What this task involves:
Return exactly the span of lines in the following data that opens with the line containing "Fig. 2 MRI examination" and closes with the line containing "postpartum hemorrhage. These". Include nothing else.

Dataset entries:
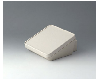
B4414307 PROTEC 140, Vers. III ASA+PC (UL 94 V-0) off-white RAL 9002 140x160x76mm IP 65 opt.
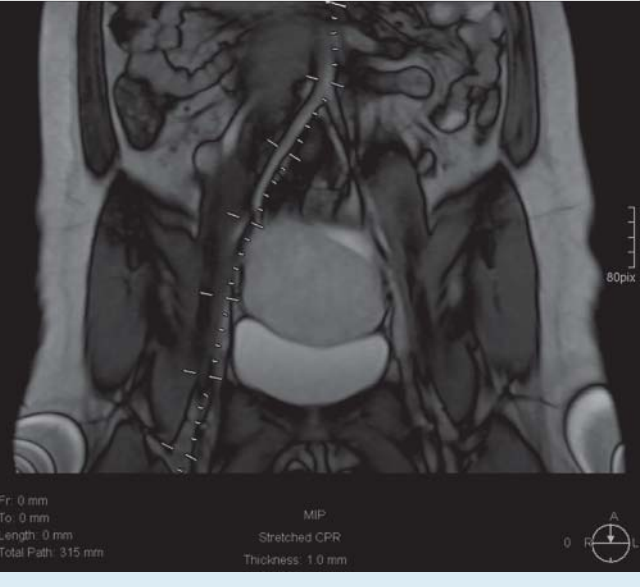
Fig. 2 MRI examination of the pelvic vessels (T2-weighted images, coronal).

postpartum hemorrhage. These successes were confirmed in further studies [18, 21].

==

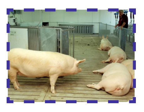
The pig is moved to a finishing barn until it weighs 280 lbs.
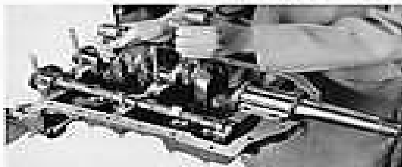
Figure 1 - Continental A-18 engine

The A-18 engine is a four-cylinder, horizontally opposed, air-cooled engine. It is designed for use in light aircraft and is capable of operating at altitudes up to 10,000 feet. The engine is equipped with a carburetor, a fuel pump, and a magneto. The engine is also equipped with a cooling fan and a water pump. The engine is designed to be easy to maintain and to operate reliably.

Result of this task:
Fig. 2 MRI examination of the pelvic vessels (T2-weighted images, coronal).

postpartum hemorrhage. These successes were confirmed in further studies [18, 21].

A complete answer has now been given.